▸ Required work: Write out every record below exactly as it stands, leaving the pictures out.

▸ Material provided:
/---
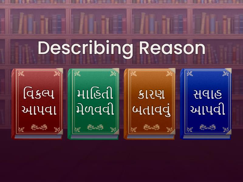 1) Describing Person a) વ્યક્તિનું વર્ણન b) વસ્તુનું વર્ણન c) પ્રક્રિયાનું વર્ણન d) સમયનું વર્ણન 2) Describing Process a) વ્યક્તિનું વર્ણન b) વસ્તુનું વર્ણન c) પ્રક્રિયાનું વર્ણન d) સમયનું વર્ણન 3) Describing Thing a) વ્યક્તિનું વર્ણન b) વસ્તુનું વર્ણન c) પ્રક્રિયાનું વર્ણન d) સમયનું વર્ણન 4) Indicating Contrast a) વિરોધાભાસ b) વિકલ્પ આપવો c) રોજિંદી વાતચીત d) લાગણીઓ વ્યક્ત કરવી 5) Describing Location a) વિરોધાભાસ b) જગ્યાનું વર્ણન c) રોજિંદી વાતચીત d) લાગણીઓ વ્યક્ત કરવી 6) Describing Action a) ક્રિયાનું વર્ણન b) જગ્યાનું વર્ણન c) રોજિંદી વાતચીત d) પ્રક્રિયાનું વર્ણન 7) Expressing Proposal a) ઈચ્છા મૂકવી b) શરત c) ક્ષમતા બતાવવી d) હેતુસુચક 8) Expressing Purpose a) ઈચ્છા મૂકવી b) શરત c) ક્ષમતા બતાવવી d) હેતુસુચક 9) Describing Past Event a) ઈચ્છા મૂકવી b) ભૂતકાળની ઘટના c) ક્ષમતા બતાવવી d) હેતુસુચક 10) Expressing Advice a) ઈચ્છા મૂકવી b) ભૂતકાળની ઘટના c) ક્ષમતા બતાવવી d) સલાહ આપવી 11) Expressing Ability  a) ઈચ્છા મૂકવી b) ભૂતકાળની ઘટના c) ક્ષમતા બતાવવી d) સલાહ આપવી 12) Expressing Possibility a) ઈચ્છા મૂકવી b) સંભાવના c) ક્ષમતા બતાવવી d) સલાહ આપવી 13) Expressing Necessity a) ઈચ્છા મૂકવી b) ફરજિયાત c) ક્ષમતા બતાવવી d) સલાહ આપવી 14) Inquiry as Nature a) ઈચ્છા મૂકવી b) માહિતી મેળવવી c) ક્ષમતા બતાવવી d) સલાહ આપવી 15) Seeking Information a) ઈચ્છા મૂકવી b) માહિતી મેળવવી c) ક્ષમતા બતાવવી d) સલાહ આપવી 16) Expressing Alternatives a) વિકલ્પ આપવા b) માહિતી મેળવવી c) ક્ષમતા બતાવવી d) સલાહ આપવી 17) Describing Reason a) વિકલ્પ આપવા b) માહિતી મેળવવી c) કારણ બતાવવું d) સલાહ આપવી 18) Exchanging Niceties a) વિકલ્પ આપવા b) માહિતી મેળવવી c) કારણ બતાવવું d) રોજિંદી સારી વાતચીત 19) Exchanging Pleasantries a) વિકલ્પ આપવા b) માહિતી મેળવવી c) કારણ બતાવવું d) રોજિંદી સારી વાતચીત 20) Showing Emotions a) લાગણીઓ વ્યક્ત કરવી b) માહિતી મેળવવી c) કારણ બતાવવું d) રોજિંદી સારી વાતચીત
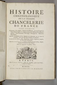 Édition la plus complète de cet ouvrage majeur pour l’histoire de la Chancellerie en France depuis le haut Moyen Âge jusqu’au début du XVIIIe siècle. Celui-ci, d’abord paru en un volume en 1676, est dû à Abraham Tessereau
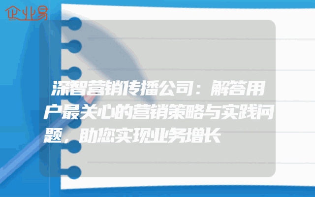 - 深智营销传播公司:解答用户最关心的营销策略与实践问题,助您实现业务增长
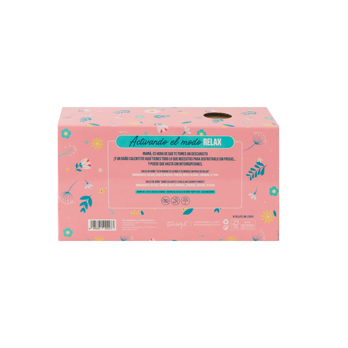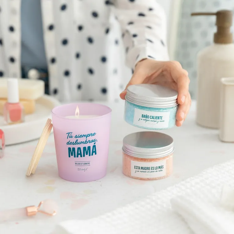 Kit de relax pensado para madres, compuesto por dos tarros de sales de baño y una vela aromática realizada en cera vegetal. Tanto los tarros de sales como la vela tienen un mensaje exclusivo y dirigido para las madres.
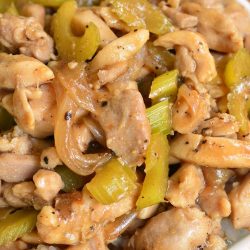 Juicy, tender chicken thigh meat is sauteed with onions and celery and cooked in black pepper soy sauce. Serve it with rice, quinoa, farro, or cauliflower rice.
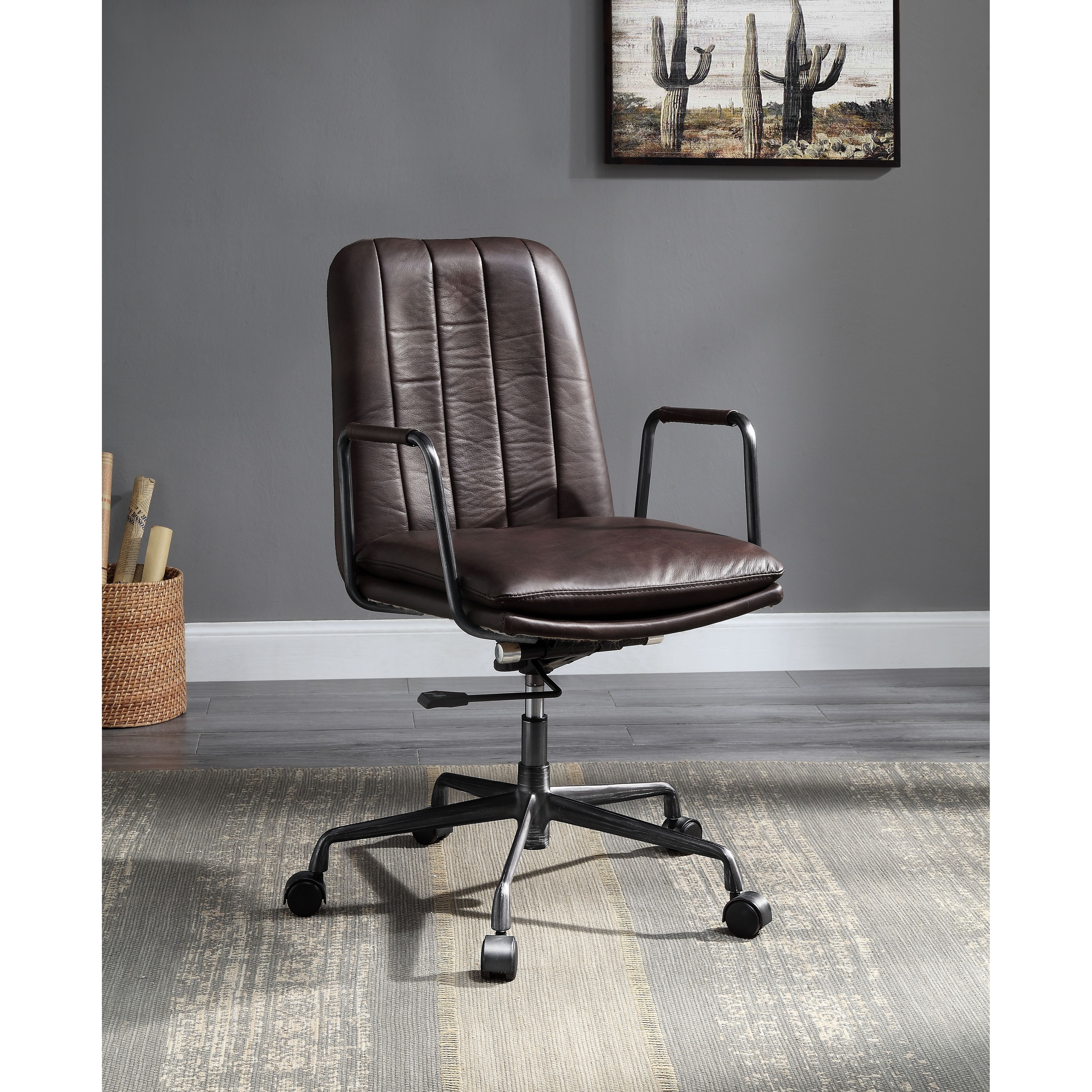 Dark Brown Top Grain Leather Office Chair, 360° Swivel, Adjustable Height, 220LBS Capacity, Upholstered Cushions
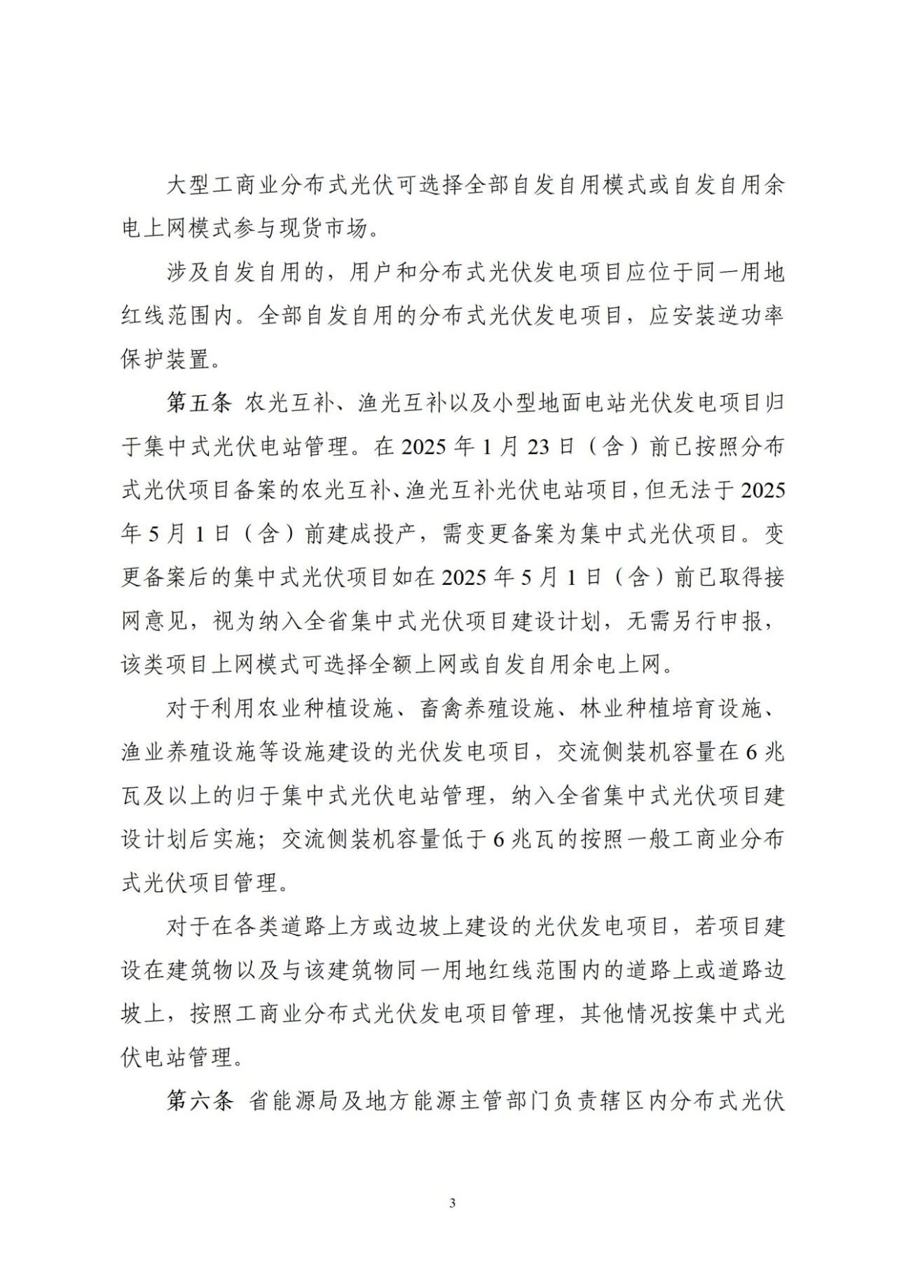 农光互补、渔光互补以及小型地面电站光伏发电项目归于集中式光伏电站管理。在2025年1月23日(含)前已按照分布式光伏项目备案的农光互补、渔光互补光伏电站项目,但无法于2025年5月1日(含)前建成投产,需变更备案为集中式光伏项目。变更备案后的集中式光伏项目如在2025年5月1日(含)前已取得接网意见,视为纳入全省集中式光伏项目建设计划,无需另行申报,该类项目上网模式可选择全额上网或自发自用余电上网。
\---
▸ Result for this task:
 1) Describing Person a) વ્યક્તિનું વર્ણન b) વસ્તુનું વર્ણન c) પ્રક્રિયાનું વર્ણન d) સમયનું વર્ણન 2) Describing Process a) વ્યક્તિનું વર્ણન b) વસ્તુનું વર્ણન c) પ્રક્રિયાનું વર્ણન d) સમયનું વર્ણન 3) Describing Thing a) વ્યક્તિનું વર્ણન b) વસ્તુનું વર્ણન c) પ્રક્રિયાનું વર્ણન d) સમયનું વર્ણન 4) Indicating Contrast a) વિરોધાભાસ b) વિકલ્પ આપવો c) રોજિંદી વાતચીત d) લાગણીઓ વ્યક્ત કરવી 5) Describing Location a) વિરોધાભાસ b) જગ્યાનું વર્ણન c) રોજિંદી વાતચીત d) લાગણીઓ વ્યક્ત કરવી 6) Describing Action a) ક્રિયાનું વર્ણન b) જગ્યાનું વર્ણન c) રોજિંદી વાતચીત d) પ્રક્રિયાનું વર્ણન 7) Expressing Proposal a) ઈચ્છા મૂકવી b) શરત c) ક્ષમતા બતાવવી d) હેતુસુચક 8) Expressing Purpose a) ઈચ્છા મૂકવી b) શરત c) ક્ષમતા બતાવવી d) હેતુસુચક 9) Describing Past Event a) ઈચ્છા મૂકવી b) ભૂતકાળની ઘટના c) ક્ષમતા બતાવવી d) હેતુસુચક 10) Expressing Advice a) ઈચ્છા મૂકવી b) ભૂતકાળની ઘટના c) ક્ષમતા બતાવવી d) સલાહ આપવી 11) Expressing Ability  a) ઈચ્છા મૂકવી b) ભૂતકાળની ઘટના c) ક્ષમતા બતાવવી d) સલાહ આપવી 12) Expressing Possibility a) ઈચ્છા મૂકવી b) સંભાવના c) ક્ષમતા બતાવવી d) સલાહ આપવી 13) Expressing Necessity a) ઈચ્છા મૂકવી b) ફરજિયાત c) ક્ષમતા બતાવવી d) સલાહ આપવી 14) Inquiry as Nature a) ઈચ્છા મૂકવી b) માહિતી મેળવવી c) ક્ષમતા બતાવવી d) સલાહ આપવી 15) Seeking Information a) ઈચ્છા મૂકવી b) માહિતી મેળવવી c) ક્ષમતા બતાવવી d) સલાહ આપવી 16) Expressing Alternatives a) વિકલ્પ આપવા b) માહિતી મેળવવી c) ક્ષમતા બતાવવી d) સલાહ આપવી 17) Describing Reason a) વિકલ્પ આપવા b) માહિતી મેળવવી c) કારણ બતાવવું d) સલાહ આપવી 18) Exchanging Niceties a) વિકલ્પ આપવા b) માહિતી મેળવવી c) કારણ બતાવવું d) રોજિંદી સારી વાતચીત 19) Exchanging Pleasantries a) વિકલ્પ આપવા b) માહિતી મેળવવી c) કારણ બતાવવું d) રોજિંદી સારી વાતચીત 20) Showing Emotions a) લાગણીઓ વ્યક્ત કરવી b) માહિતી મેળવવી c) કારણ બતાવવું d) રોજિંદી સારી વાતચીત
 Édition la plus complète de cet ouvrage majeur pour l’histoire de la Chancellerie en France depuis le haut Moyen Âge jusqu’au début du XVIIIe siècle. Celui-ci, d’abord paru en un volume en 1676, est dû à Abraham Tessereau
 - 深智营销传播公司:解答用户最关心的营销策略与实践问题,助您实现业务增长
 Kit de relax pensado para madres, compuesto por dos tarros de sales de baño y una vela aromática realizada en cera vegetal. Tanto los tarros de sales como la vela tienen un mensaje exclusivo y dirigido para las madres.
 Juicy, tender chicken thigh meat is sauteed with onions and celery and cooked in black pepper soy sauce. Serve it with rice, quinoa, farro, or cauliflower rice.
 Dark Brown Top Grain Leather Office Chair, 360° Swivel, Adjustable Height, 220LBS Capacity, Upholstered Cushions
 农光互补、渔光互补以及小型地面电站光伏发电项目归于集中式光伏电站管理。在2025年1月23日(含)前已按照分布式光伏项目备案的农光互补、渔光互补光伏电站项目,但无法于2025年5月1日(含)前建成投产,需变更备案为集中式光伏项目。变更备案后的集中式光伏项目如在2025年5月1日(含)前已取得接网意见,视为纳入全省集中式光伏项目建设计划,无需另行申报,该类项目上网模式可选择全额上网或自发自用余电上网。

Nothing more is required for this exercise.